FIG. 1 is a configuration diagram of a servo system according to an embodiment of the present invention.

FIG. 2 is a configuration diagram of first and second data communication units according to an embodiment of the present invention.

FIG. 3 is a configuration diagram of serial data according to the embodiment of this invention.

FIG. 4 is a data code diagram of the embodiment of the present invention.

FIG. 5 is a block diagram of a conventional servo system

FIG. 6 is a block diagram of a conventional data transmitter and data receiver.

FIG. 7 is a configuration diagram of conventional serial data.

FIG. 8 is a conventional data code diagram.

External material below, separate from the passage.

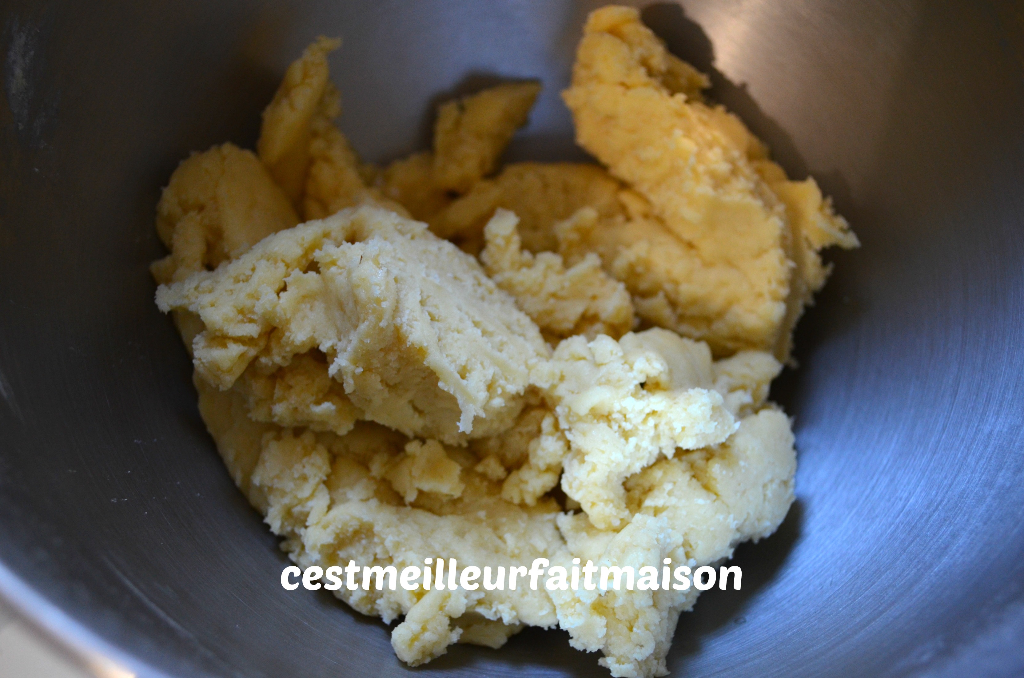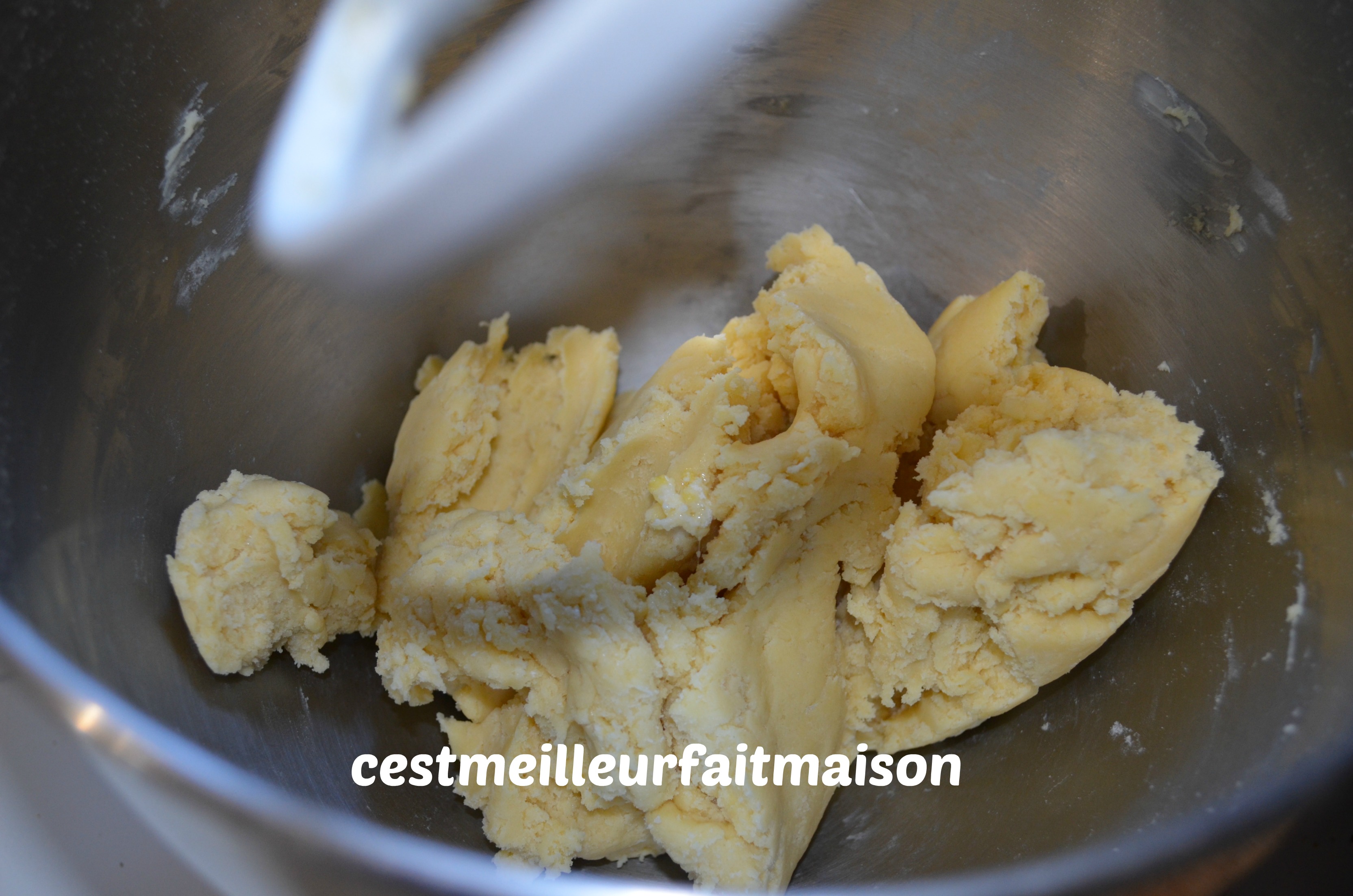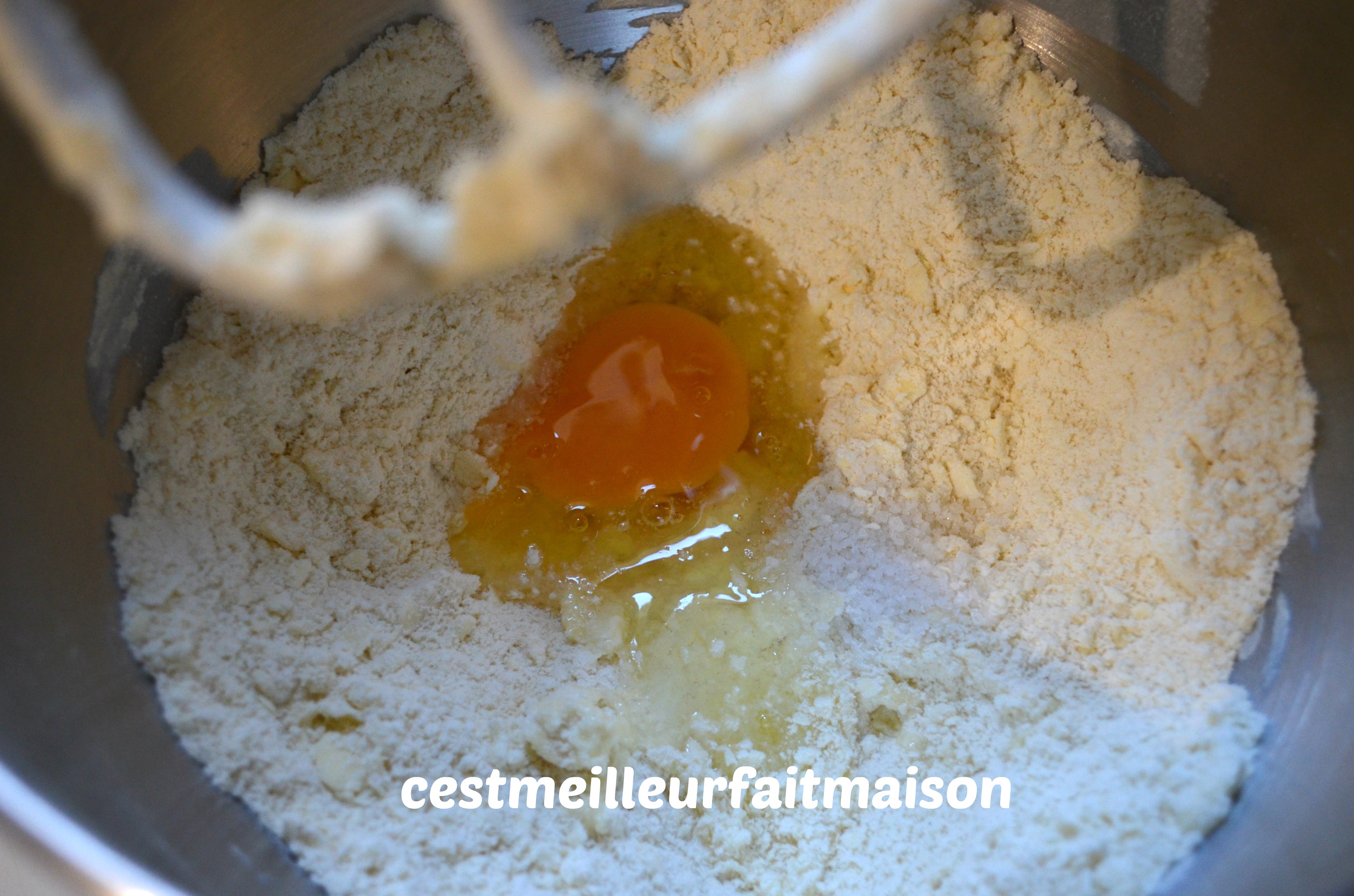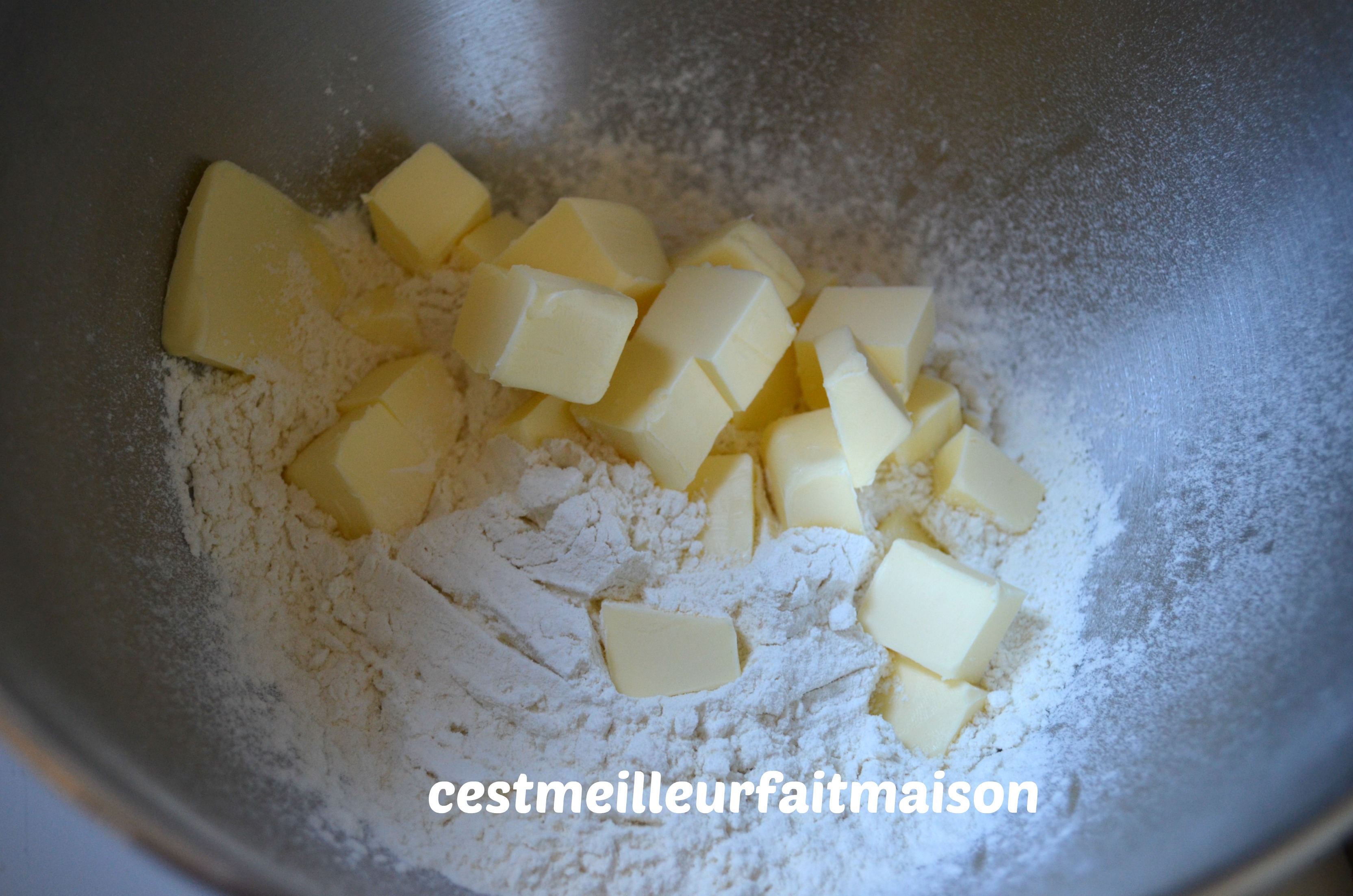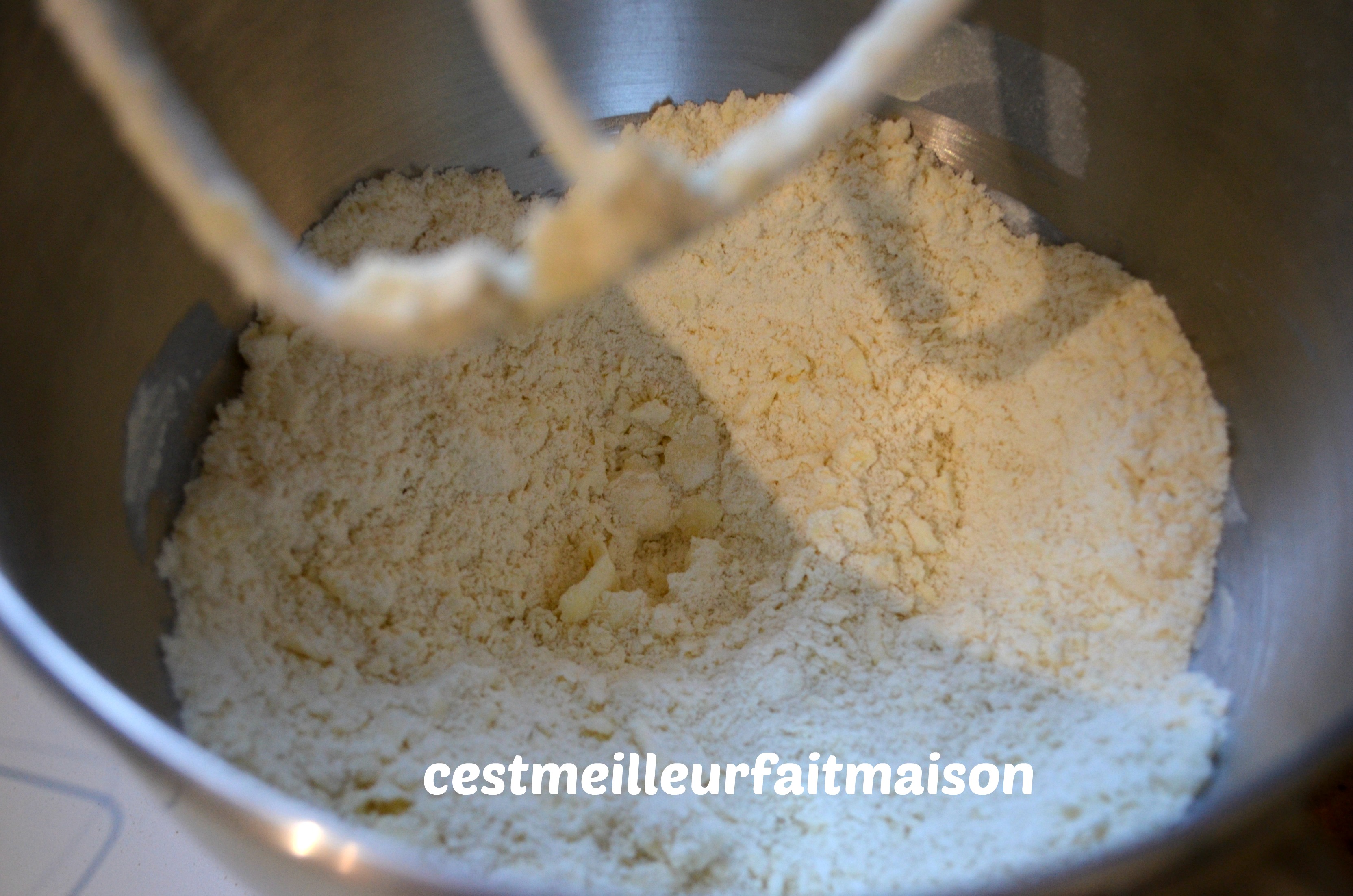 1- Tamiser la farine dans le bol du robot. Ajouter le beurre froid coupé en morceaux et mélanger avec la feuille afin d’obtenir une poudre.

FIG. 9 is a conventional serial data transmission waveform diagram.

[Explanation of symbols]

11 encoder 12 Position detector 13 First data communication unit 14 Control device 15 Second data communication unit 16 Motor drive 21 Parallel-to-serial converter 22 Transmit Code Converter 23 Transmission / reception interface section 24 Received Code Converter 25 Serial-parallel converter

Claims (5)

[Claims] 1. A first data communication for detecting a position of a driving body that is rotationally driven or orthogonally driven, and first data communication for receiving a request command including serial data and outputting the data of the position detection unit as serial data. And a second data communication unit that transmits a request command including serial data to the encoder and receives position data including serial data output from the encoder, and controls the position and speed of the driving body. The data used for data communication between the encoder and the control device is a Manchester code, and a code conversion unit that can arbitrarily change the duty of the Manchester code is provided in the first data communication unit and the second data communication unit. Servo system installed in the data communication section of. 2. A second data communication unit for outputting a request signal composed of a Manchester code set to an arbitrary duty, and position data by a Manchester code composed of a preset basic duty when the request signal is normally received. The first data communication unit for outputting
The described servo system. 3. A second data communication unit which outputs a request signal including a duty setting by a Manchester code having a preset basic duty, and a duty setting included in the request signal when the request signal is normally received. To output position data in Manchester code consisting of
2. The servo system according to claim 1, which comprises the data communication unit. 4. A second data communication section for outputting a request signal composed of a Manchester code set to an arbitrary duty, and a first data communication section for outputting the request signal composed of this Manchester code as they are. The servo system described in 1. 5. The Manchester code duty is 50%.
The servo system according to claim 1, wherein the duty is variable at intervals of ¼, ⅛, or 1/16 with the reference duty as.